The S&P 500 is offering a yield of only 1.35%. In my best possible Chandler impression, "Could that yield be any lower?" That said, there are a lot of individual stocks within the stock market offering yields way higher than this. And you don't have to go buy junky stocks in order to get your hands on some of that income. No, there are actually some stocks that offer quality and yield. These stocks don't just have high yields, by the way. These are dividend growth stocks that are growing their dividends year in and year out. So you get a lot of income today. And you get that growth in your income that allows you to keep up with inflation and retain your purchasing power. Now, many of the higher-yielding dividend growth stocks out there are very popular and well-known. However, some of these stocks fly way under the radar. And that could be your opportunity.

Today, I want to tell you about three under-the-radar dividend growth stocks offering yields of between 5% and 7%. Ready? Let's dig in.

The first under-the-radar high-yield dividend growth stock I want to tell you about is Iron Mountain Inc. (IRM). Iron Mountain is a real estate investment trust that specializes in physical and digital data protection and management. They're also not messing around with income - the stock yields 5.7%. Almost nobody talks about this stock, but it might finally be on investors' radar. I say that because the stock is up a whopping 51.5% YTD. Despite this massive run, though, the stock is still not all that expensive when you compare it up against the market or your typical REIT. The P/CF ratio is only at 13.4 right now. That's well below the broader market's cash flow multiple. And if you compare that up against a lot of other REITs, it's extremely low. Take Digital Realty Trust, Inc. (DLR) for example. They're in the digital data real estate niche that Iron Mountain is moving toward. Digital Realty's P/CF ratio is at 24.1 right now, which is almost twice as high as Iron Mountain's. Iron Mountain could be set for an even higher run, especially with the possibility of a positive rerating on its increasing digital presence.

The second under-the-radar high-yield dividend growth stock I want to highlight is Omega Healthcare Investors Inc. (OHI). Omega Healthcare Investors is a triple-net real estate investment trust that primarily invests in skilled nursing facilities and assisted living facilities. This stock yields a market-crushing 7.2%. That's more than five times that of the S&P 500's yield - and it's the highest in today's video. If you want serious yield and you don't have time to wait for dividend raises to compound for you, Omega Healthcare is kind of like a "dividend time machine" that fast forwards the whole income compounding process.
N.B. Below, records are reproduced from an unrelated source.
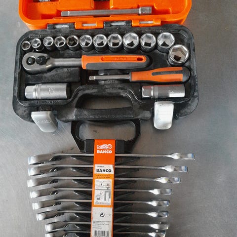 Bahco topnøglesæt med forskellige toppe og forlængerdele i metal. Sættet indeholder flere størrelser af toppe samt forlængere og led, egnet til brug med skraldenøgle eller anden kompatibel holder. Velegnet til generelle mekaniske og tekniske opgaver, hvor der er behov for forskellige topnøglestørrelser og ekstra rækkevidde. Fra 10 p stk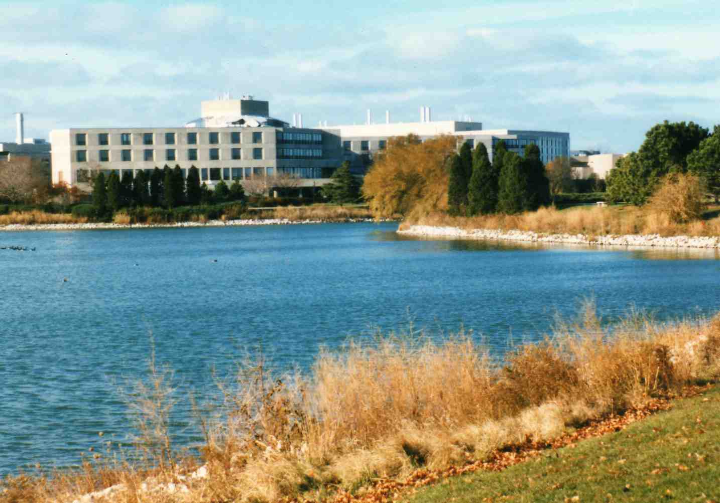 I heard about the Eared Grebe on the Audubon hotline and dragged my friends out after work to look for it. Northwestern University has constructed a campus on landfill that extends 200 yards or so into Lake Michigan for about half a mile along the shore. A twisting lagoon separates the landfill from the buildings.
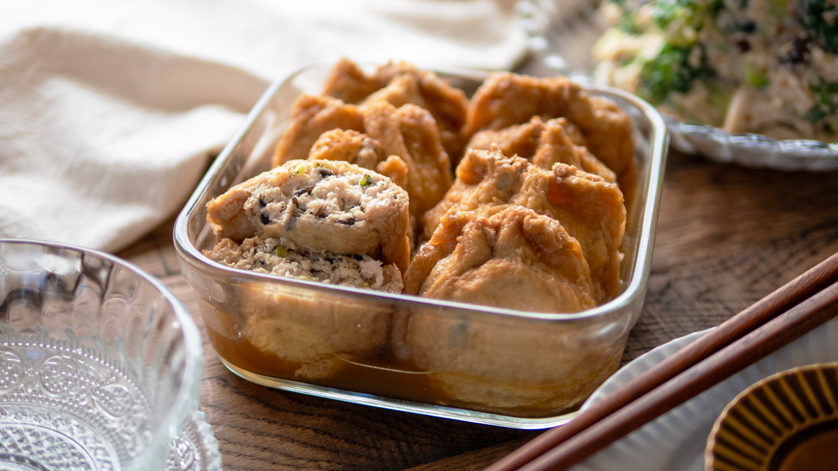 豆腐を使ったじゅわっと美味しい油揚げ包み。鶏ひき肉に絹ごし豆腐を混ぜることで、ふんわりとした軽やかな優しい口当たりに。塩麹で下味をつけてから煮込んでいるので、しっかり中まで味が染み込み、食べると甘辛い煮汁のうま味のあふれます。定番おかずとしてはもちろん、冷めても美味しいのでお弁当にもぴったり。ホッとする味わいの和の魅力が詰まった煮込み料理です。

It's not the kind of long-term compounder that, say, Apple Inc. (AAPL) is, but it'll get the income job done for sure. Not just income, either. Omega has increased its dividend for 18 consecutive years, with a 10-year dividend growth rate of 6.1%. Recent dividend increases have been meager, but any dividend increase at all is pretty nice when you're getting a 7%+ yield. This stock has been a laggard YTD, up only 6.5%. The valuation looks very reasonable.

Last but not least, let's talk about the under-the-radar high-yield dividend growth stock that is ONEOK, Inc. (OKE). ONEOK is an American midstream energy company and owner of one of the country's premier natural gas liquids systems. There are a lot of options in the midstream space, but ONEOK flies way under the radar. I don't see it mentioned nearly as much as other players in the midstream space. To be fair, it's not as large as some competitors. Its market cap is under $25 billion. Still, it's a very large company. Know what else is large? Its dividend. ONEOK yields a mammoth 7%. Actually, this stock shouldn't only be on your radar. It should perhaps be in your portfolio.

Video Length: 00:09:22

Disclaimer: Please consult with a licensed investment professional before investing any of your money. Never invest in a security or idea featured on this channel unless you can afford to lose ...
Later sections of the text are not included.